Methods: : Parents and three siblings of a patient with CDSRR underwent detailed ophthalmological examination including Ganzfeld electroretinography (Roland Consult, Germany). Molecular genetic investigations included PCR amplification, sequencing of PCR products, SNP segregation analysis and qPCR for copy number determination, The patient is compound heterozygous for a large deletion (c.434_*30+154del, encompassing large parts of the gene) and a point mutation (c.442G>T, E148X) resulting in premature translation termination. Molecular genetic examinations were performed using direct sequencing and RT-PCR techniques.
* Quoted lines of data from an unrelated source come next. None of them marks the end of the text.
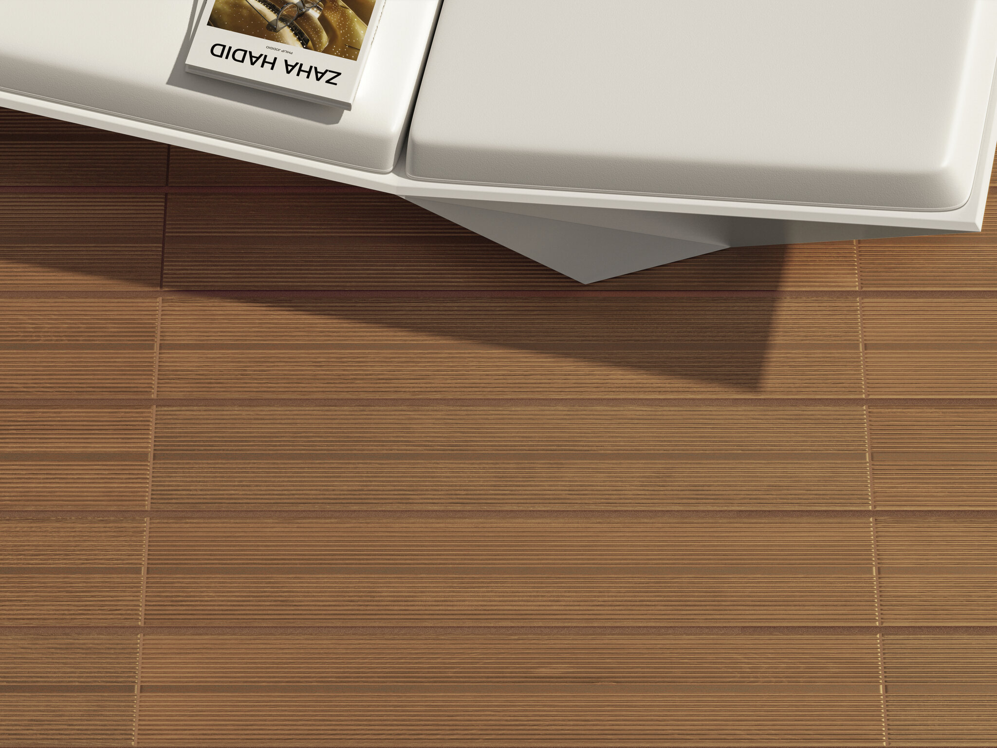Πλακάκια πορσελάνης με ξύλινο σχέδιο έρχονται σε εξωτερικούς χώρους με την Sagres, μια συλλογή κεραμικών εξωτερικού χώρου που ξεχωρίζει για την ικανότητά της να εγγυάται μέγιστη αντοχή στους λεκέδες και την έκθεση στον ήλιο.
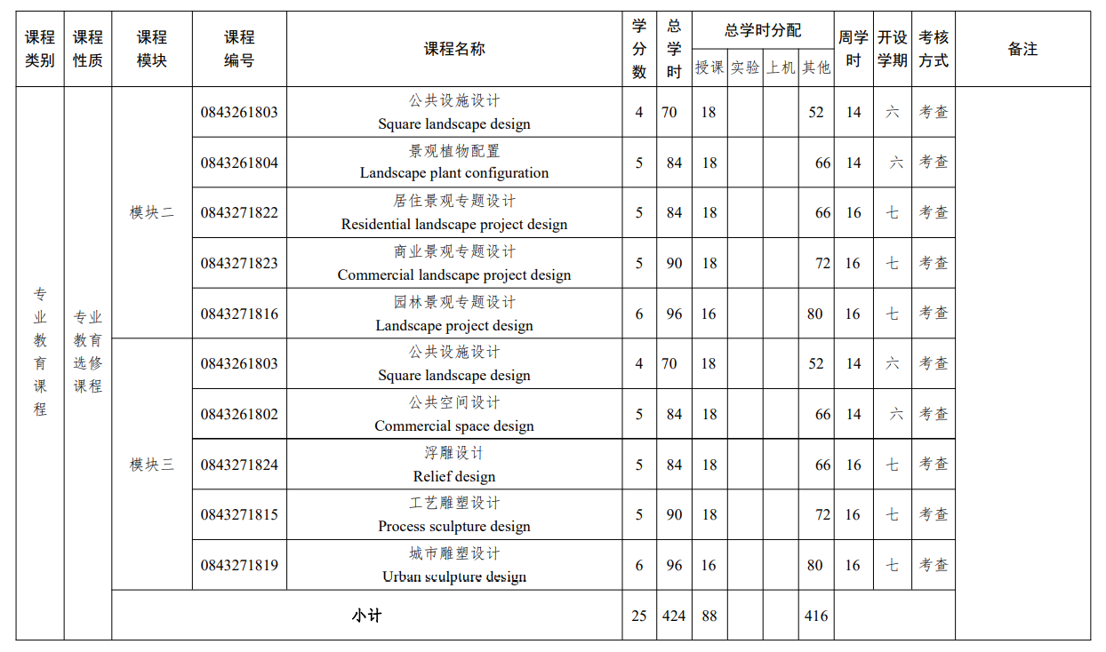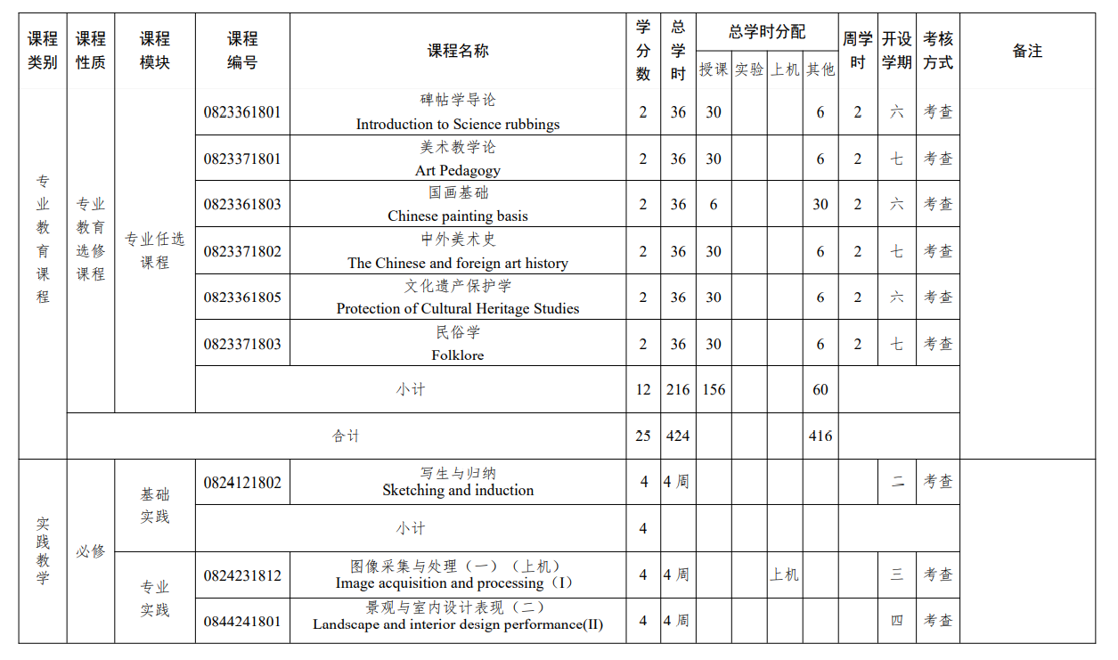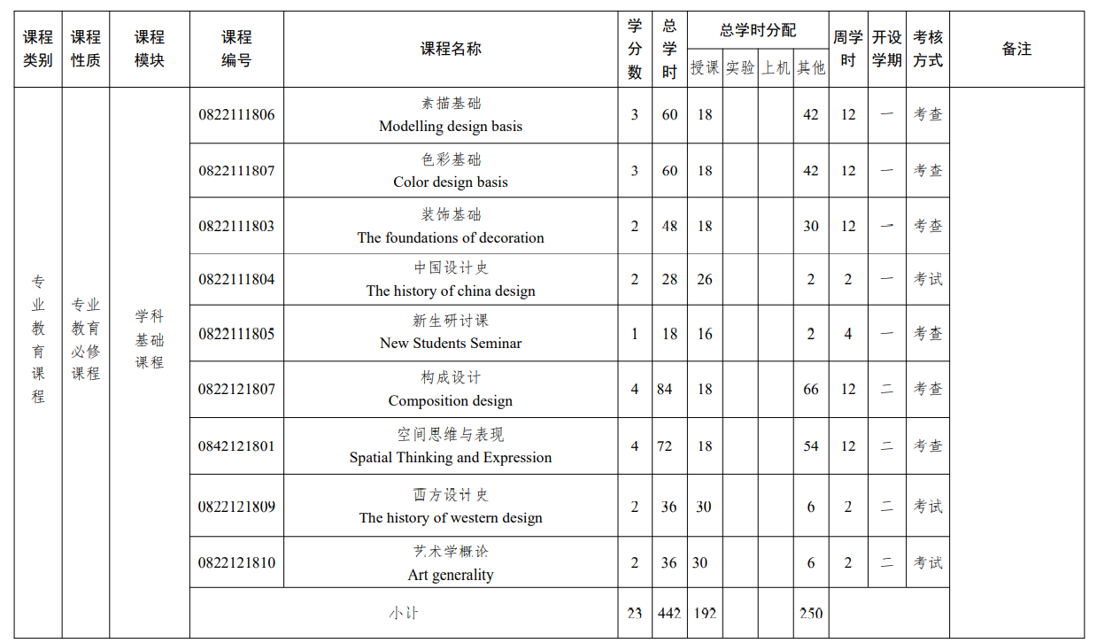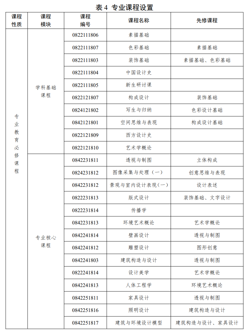 主要课程:素描基础、色彩基础、装饰基础、构成设计基础、空间思维与表达、图像采集与处理(一)、透视制图、壁画设计、景观与室内设计表现、家具设计、雕塑设计、建筑构造与设计、 公共设施设计、建筑与环境设计模型、居住空间设计、景观植物配置、公共空间设计、展示空间设 计、园林景观设计、中国设计史、西方设计史、艺术学概论、环境艺术概论、人体工程学、设计美学、室内设计原理、景观设计原理等。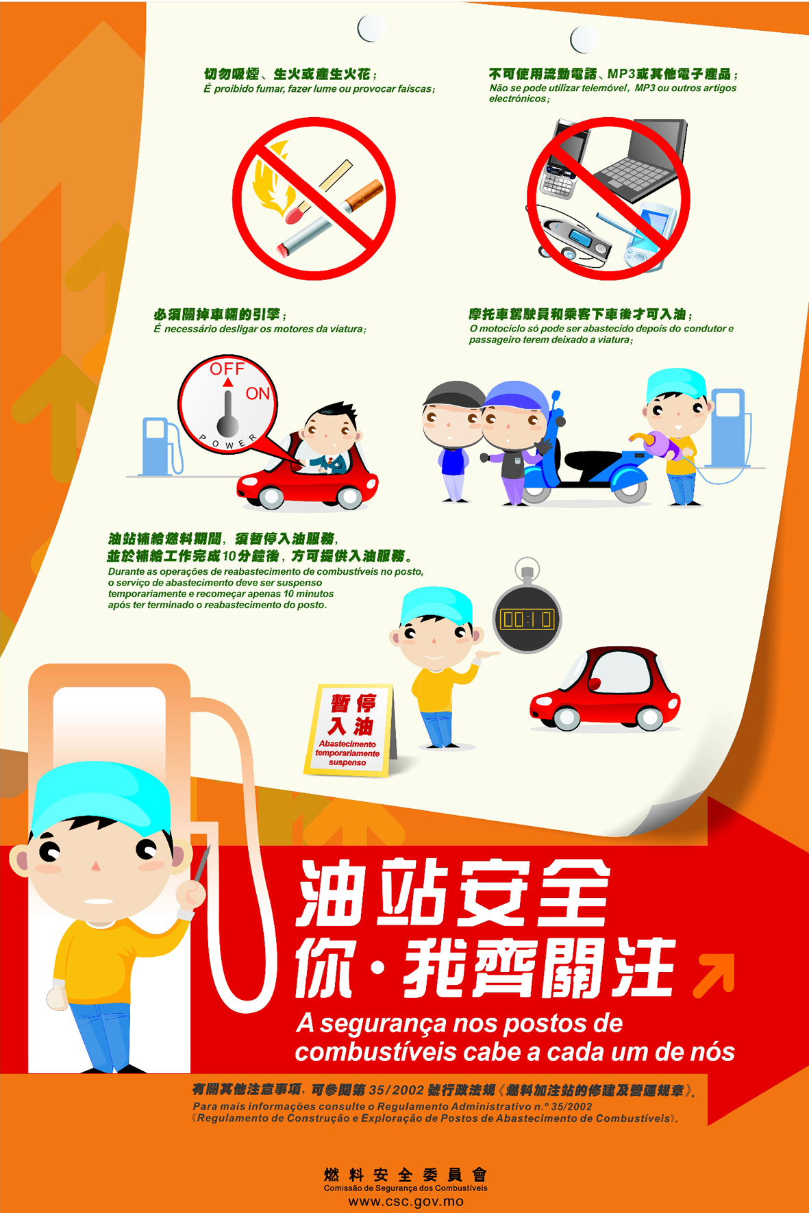 有關宣傳單張及海報的內容,主要對使用者進入油站及在補給燃料期間應注意事項作相關之介紹,達保障使用者和油站安全的目的。有關海報和單張將在各油站、公共部門及社會團體內張貼及派發,以方便市民取閱和知悉。同時,巿民亦可以瀏覽該會網頁http://www.csc.gov.mo獲悉相關之資訊及內容。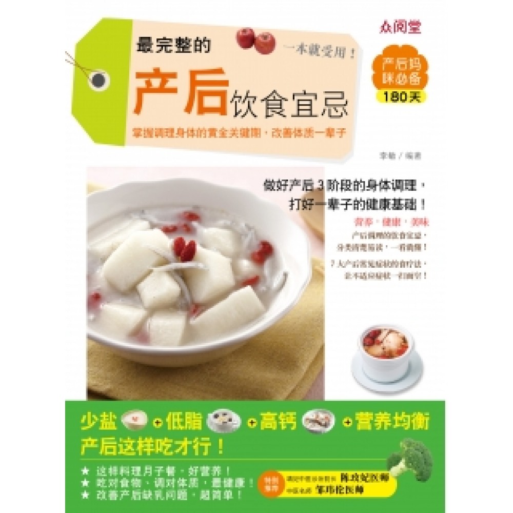 产后饮食禁忌多,大家的说法纷乱不一致, 到底哪些东西能吃?哪些东西不能吃? 现在开始不要再道听涂说了! 做好产后身体调理,打好一辈子的健康基础! ◆ 针对产褥期、哺乳期、断奶期各阶段适合吃的食材,提供最完整的营养分析。 ◆ 产后妈咪一定要吃的50道产后营养食谱,跟着简易的步骤,自己在家也能做好月子。 ◆ 专家教你产后补充营养的食材选择与搭配,在产后关键期吃对食物,享受健康一辈子。 ◆ 独家收录! 7大产后常见症状的食疗法,让产后的各种不适症一扫而空!
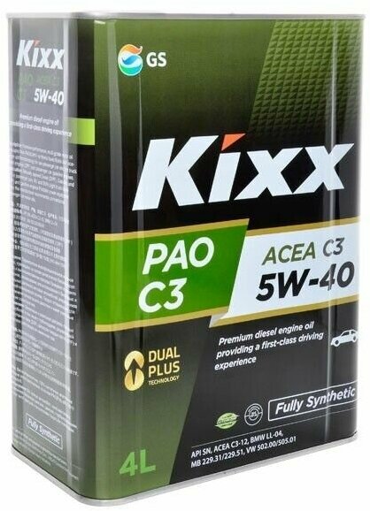 Синтетическое моторное масло Kixx PAO C3 5W-40, 4 л, 1 шт
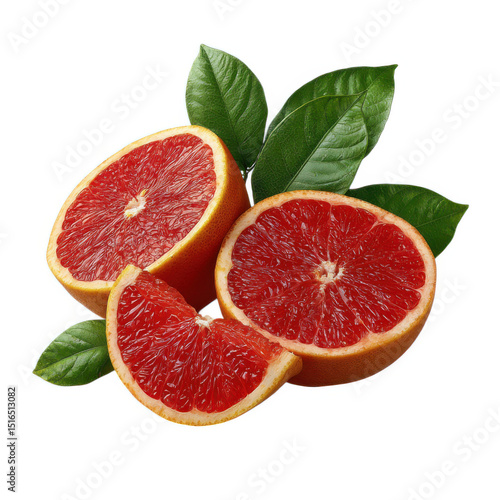 Juicy grapefruit halves and slice isolated on transparent background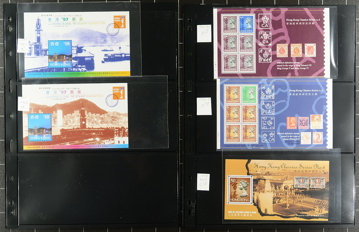 Lovely collection / accumulation of never hinged Hong Kong souvenir sheets, 1974-2000, containing 94 sheets (also a few mint sets), in 17 double sided stock pages housed in a binder. This well organized collection ranges from Scott #298a/889b, with all the sheets identified and catalogued using current Scott values, noting just a few of the better items with #s 298a (c.v. $60), 308a ($110), 464a (x4, $112 total), along with a few sheets cataloguing $20 and up. A terrific lot for collectors and dealers alike. Post office fresh and very fine, with all pages photographed online. 2026 Scott US$1,506.00 =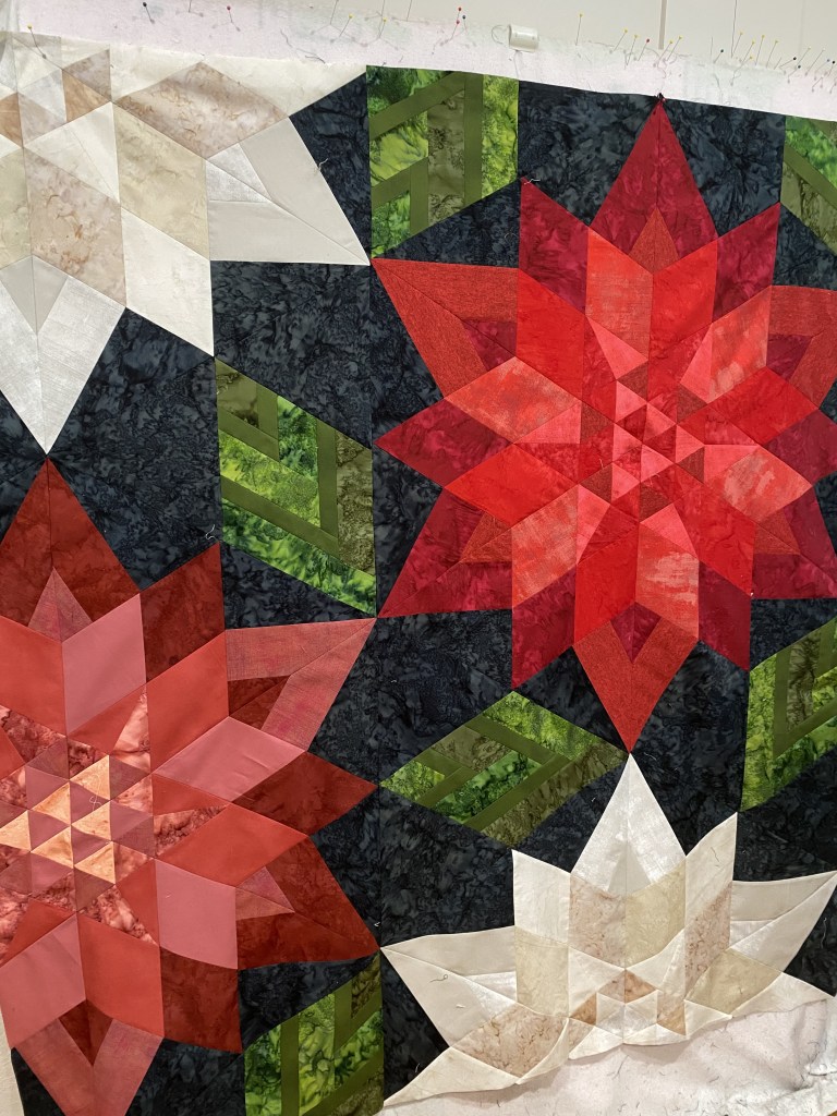 This is a quick post. I am heading out for a few days, but in getting ready for this mini break, I have been stitching like a mad (not angry) person. On Friday I got the binding done on two of the tree quilts, started a new knit hat, and made a backing for tree quilt number three, LBQ Holiday Forest, and the diamond Creative Grids ruler arrived. Saturday I got the rest of the pieces cut and organized for the Poinsettia quilt, tried to get a start on the last tree quilt (need another triangle ruler- amazon to the rescue) and got the Holiday Forest top on the frame. Sunday, I finally finished the Fairy House, and got a few rows of long arming done, and more hat knitting. I pieced the Crimson Christmas poinsettia quilt so that when I get back I’ll able to get it quilted and gifted. Monday was a whirl wind of knitting while the long arm did its thing, and I managed to finish one hat, and make some headway on the other. Plus I seamed up the booties I have been knitting on the side. I only bought two things for Cyber Monday, tack cleaning sponges and envelopes. I am planning on making mesh bags with two or three sponges in them for my Barn mates. Last year I made them all little zippered bags for dog poo pick-up bags. There are a few less people this year, I think twelve. My bags will be based on a pattern from SewThankful.com . I need to check and see how much poly netting I have and the toggle thingies.

Results: : Father and a brother of the index patient are heterozygous for the large deletion; mother and a sister are heterozygous for the point mutation. The two other siblings carry no mutation in the KCNV2 gene. All examined relatives have good visual function, photopic ERGs were normal. The carriers of the point mutation have moderately increased scotopic maximal b-wave amplitudes (628 ± 21.3 µV) and b/a ratios (above 1.8, mean 1.93 ± 0.17) compared to the other family members (560 ± 63.8 µV; 1.49 ± 0.17; analogous to the normal values).

Conclusions: : The markedly altered electrophysiological responses of the carriers of the c.442G>T point mutations implies that in spite of the premature termination, the truncated Kv8.2 protein bears some dominant negative inhibitory effect on the voltage-gated potassium channel.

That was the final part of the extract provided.